Importantly, these columns are not always the same, so I need to check the header to get the correct indices for each segment, and to check that both species are even in the current segment.

Looking at the two lines of data in example 1, the relevant information for me is

# homo_sapiens_coordinate homo_sapiens_base macaca_mulatta_base
11388669 G G
11388670 C T

For each segment containing info for homo_sapiens and macaca_mulatta, I will record start and end for homo_sapiens from the header and each position where the two DO NOT match into a list. Finally, some positions have "gaps" or lower quality data, i.e.

aaa--A

I will only record from positions where homo_sapiens and macaca_mulatta both have valid bases (must be in the set ACGT) so the last variable I consider is a counter of valid bases per segment.

My final data structure for a given file is a dictionary which looks like this:

{(segment_start=i, segment_end=j, valid_bases=N): list(mismatch positions), 
    (segment_start=k, segment_end=l, valid_bases=M): list(mismatch positions), ...}

Here is the function I have written to carry this out using a for-loop:

def human_macaque_divergence(chromosome):

    """
    A function for finding the positions of human-macaque divergent sites within segments of species alignment tracts
    :param chromosome: chromosome (integer:
    :return div_dict: a dictionary with tuple(segment_start, segment_end, valid_bases_in_segment) for keys and list(divergent_sites) for values
    """

    ch = str(chromosome)
    div_dict = {}

    with gz.open('{al}Compara.6_primates_EPO.chr{c}_1.emf.gz'.format(al=pd.align, c=ch), 'rb') as f:

        # key to the header fields:
        # header_flag chromosome segment_start segment_end quality_flag chromosome_info
        # SEQ homo_sapiens 1 14163 24841 1 (chr_length=249250621)

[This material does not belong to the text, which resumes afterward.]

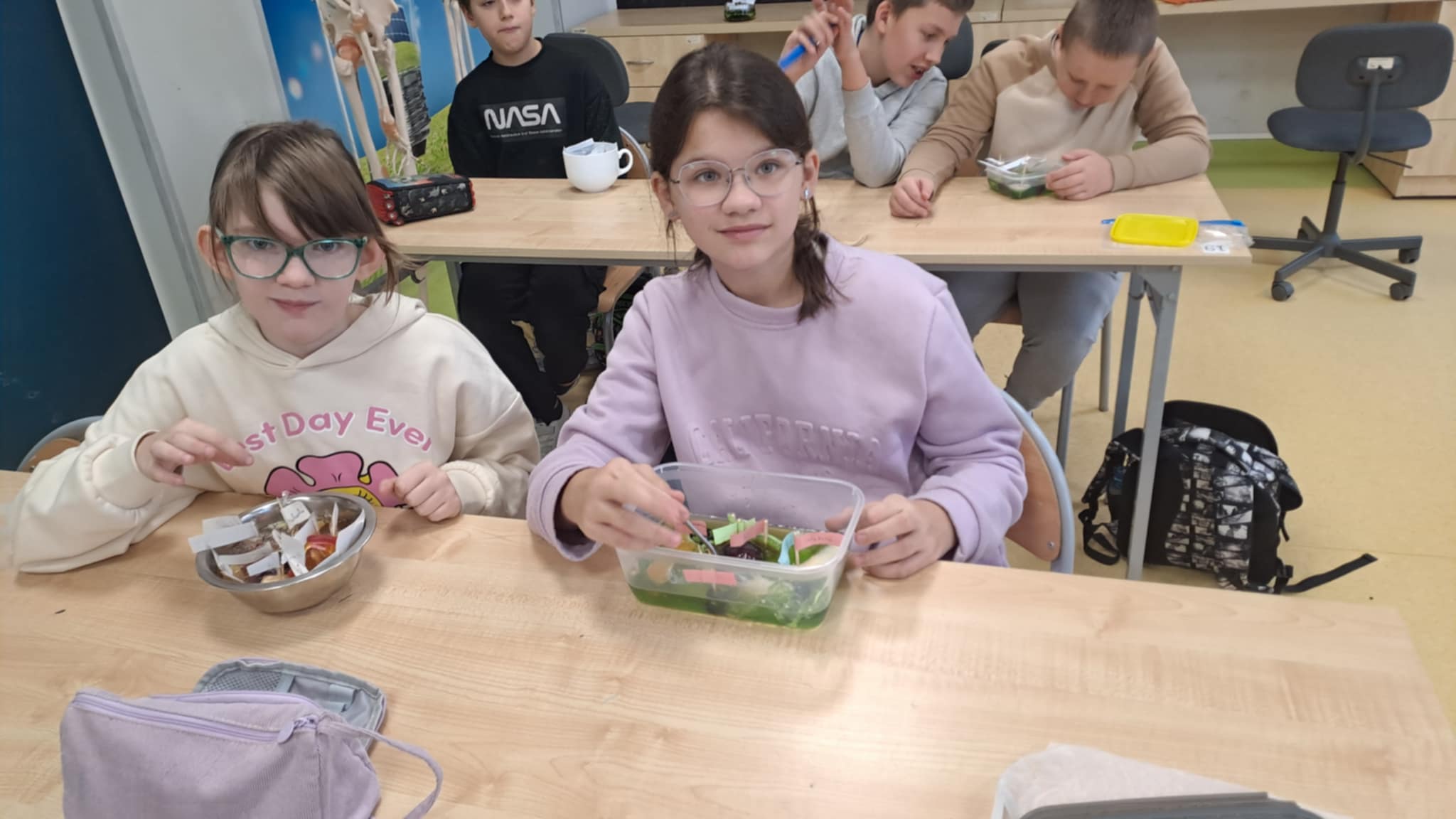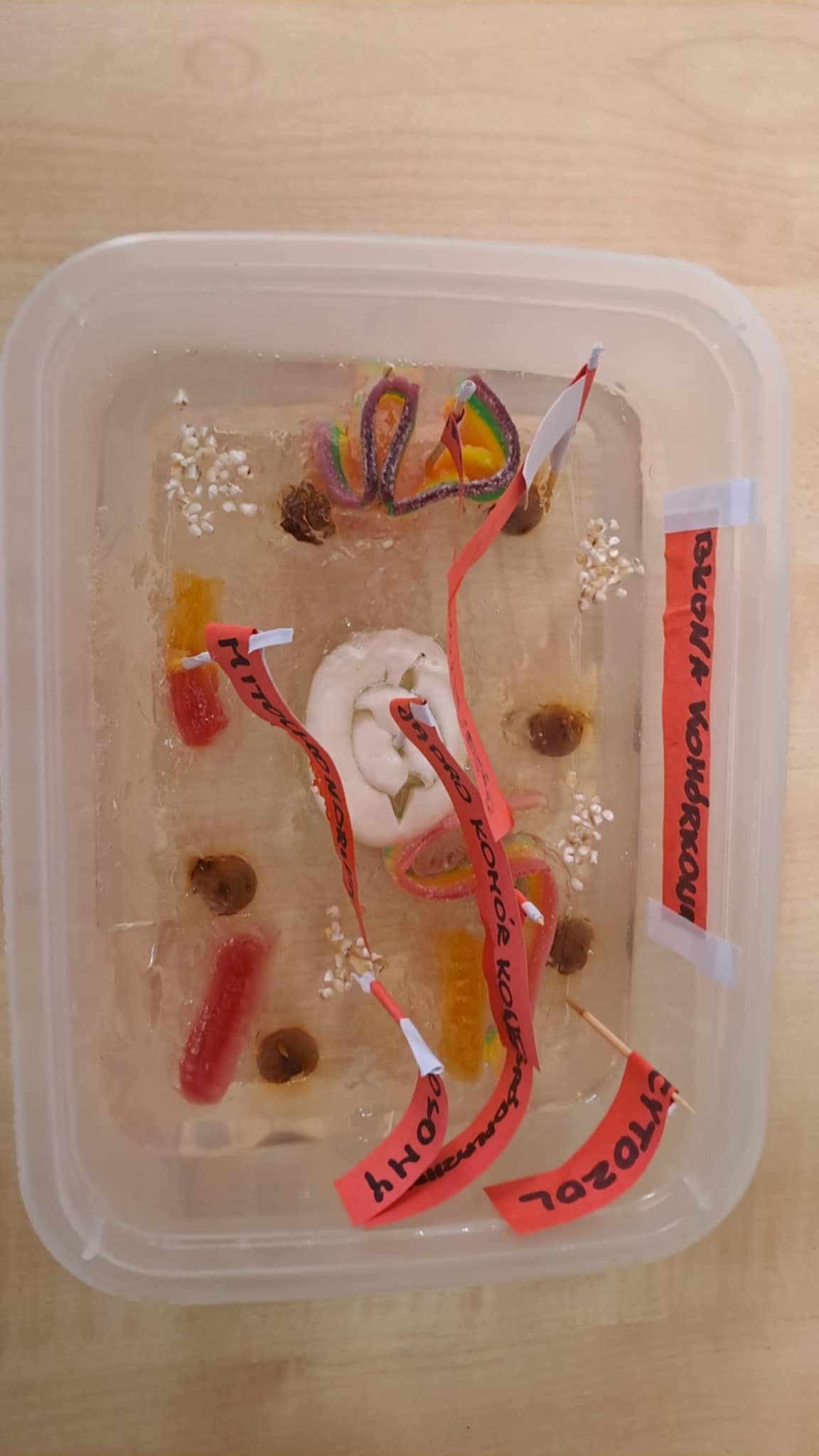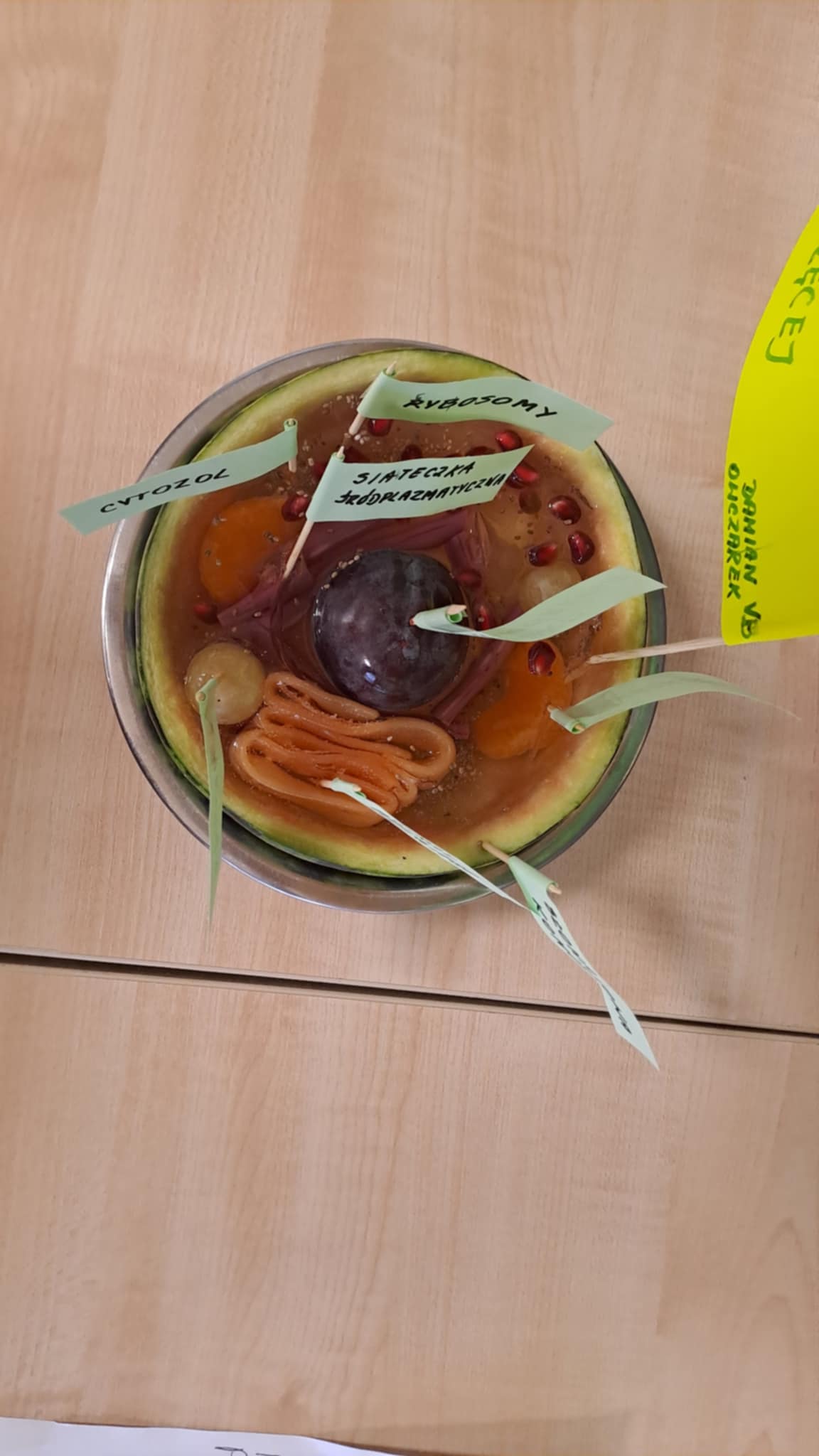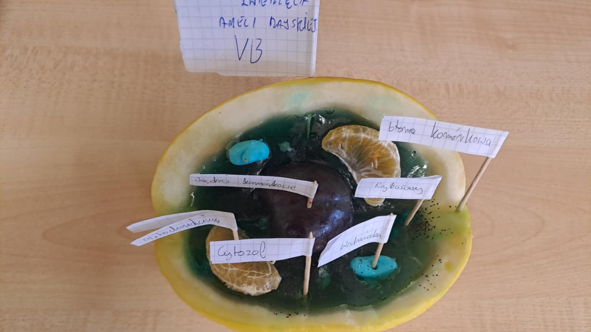 Galaretka stała się cytoplazmą, owoce pełniły rolę organelli, a żelki i pianki odgrywały funkcję struktur komórkowych, których nazwy na co dzień brzmią naprawdę poważnie. Dzięki temu nietypowemu doświadczeniu piątoklasiści nie tylko świetnie się bawili, ale także utrwalili wiedzę o budowie komórki w najbardziej smakowity sposób.

        # flags, containers, counters and indices:
        species   = []
        starts    = []
        ends      = []
        mismatch  = []

        valid        = 0
        pos          = -1
        hom          = None
        mac          = None

        species_data = False  # a flag signalling that the lines we are viewing are alignment columns

        for line in f:

            if 'SEQ' in line:  # 'SEQ' signifies a segment info field

                assert species_data is False
                line = line.split()

                if line[2] == ch and line[5] == '1':  # make sure that the alignment is to the desired chromosome in humans quality_flag is '1'

                    species += [line[1]]  # collect each species in the header
                    starts  += [int(line[3])]  # collect starts and ends
                    ends    += [int(line[4])]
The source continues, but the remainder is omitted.